Isotopes of manganese (_{25}Mn)
| Main isotopes |  |  | Decay |  |
| Isotope | abun­dance | half-life (t_{1/2}) | mode | pro­duct |
| ^{52}Mn | synth | 5.591 d | β^{+} | ^{52}Cr |
| ^{53}Mn | trace | 3.7×10^{6} y | ε | ^{53}Cr |
| ^{54}Mn | synth | 312.08 d | ε | ^{54}Cr |
| β^{−} | ^{54}Fe |
| β^{+} | ^{54}Cr |
| ^{55}Mn | 100% | stable |  |  |

Standard atomic weight A_{r}°(Mn)
- 54.938043±0.000002; 54.938±0.001 (abridged);

= Isotopes of manganese =

Naturally occurring manganese (_{25}Mn) is composed of one stable isotope, ^{55}Mn. Twenty-seven radioisotopes have been characterized, with the most stable being ^{53}Mn with a half-life of 3.7 million years, ^{54}Mn with a half-life of 312.08 days, and ^{52}Mn with a half-life of 5.591 days. All of the remaining radioactive isotopes have half-lives that are less than 3 hours and the majority of these have half-lives that are less than a minute. This element also has seven meta states.
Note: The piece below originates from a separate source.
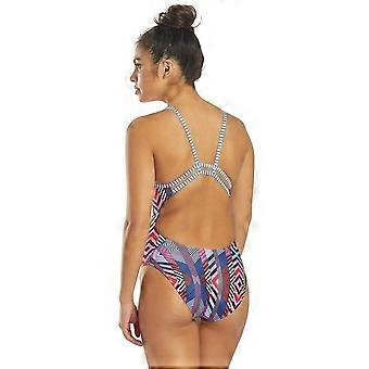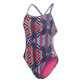 Make a splash at the pool with the new colourful girls Dolfin Uglies Revibe Diamond Tie Back swimsuit, featuring an eye-catching multi-coloured print. This Dolfin Uglies Revibe Diamond swimsuit is a great choice for swimmers that require a new swimsuit for swim training sessions, or for regular pool use. The swimming costume´s material make-up consists of Micro Nylon, giving the costume great flexibility and make it fast-drying. The material also contains Xtra Life Lycra which provides resistance to chlorine and UV rays and ensures the swimsuit holds is shape for longer. A Tie back design allows for easy adjustment so that you can get the best fit, the thin straps allow for maximum range of motion. Features: Colourful eye-catching print Binding on straps includes signature Uglies candy stripe in coordinating colour 4 way stretch, for great shape retention. Contains Xtra Life Lycra® providing excellent chlorine resistance. Micro Nylon fibres give the costume great flexibility and quicker drying times. Fully lined. Performance Cut: Dolfin´s highest leg cut sits just above the hips. Material:- 91% Micro Nylon / 9% Xtra Life Lycra
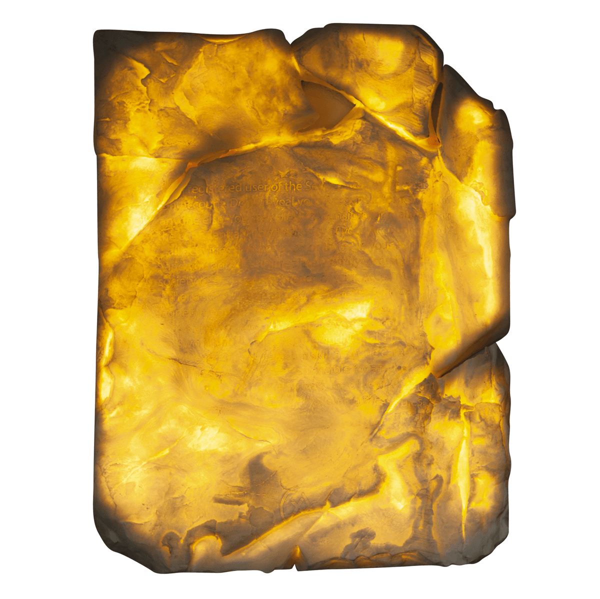 Recycle Group was established in 2008 by Andrei Blokhin and Yegor Kuznetsov, Krasnodar artists. Already in 2010, they win the Kandinsky Prize. They took part in the parallel program of the 56th Venice Biennale (2015) and the Russian pavilion of the 57th Venice Biennale of Contemporary Art (2017). In 2017 and 2018, the art group was included in 49ART Russian Investment Art Rating. Tablet of the Covenant by the artists of the Recycle Group exploring the post-Internet culture. Despite the study area, we can see a persistent appeal to objectivity meant to underline the materiality of the object that imitates an even more material source. This tablet is an example of art that dialectically seizes the myth with the purpose of its further processing rather than denouncement. Riddled with inscriptions, the plastic tablet ensures physical immortality of the Internet culture.

Manganese is part of the iron group of elements, which are thought to be synthesized in massive stars shortly before supernova explosions. Because of its relatively short half-life, ^{53}Mn occurs on Earth only in tiny amounts due to the action of cosmic rays on iron in rocks.

As ^{53}Mn decays to ^{53}Cr, manganese isotopic analysis is typically combined with that of chromium and this has found application in isotope geology and radiometric dating. Mn−Cr isotopic ratios reinforce the evidence from ^{26}Al and ^{107}Pd for the early history of the Solar System. Variations in ^{53}Cr/^{52}Cr and Mn/Cr ratios from several meteorites indicate a non-zero initial ^{53}Mn/^{55}Mn ratio that implies Cr isotopic variations must result from in-situ decay of ^{53}Mn in differentiated planetary bodies. Hence ^{53}Mn provides additional evidence for nucleosynthetic processes shortly before coalescence of the Solar System.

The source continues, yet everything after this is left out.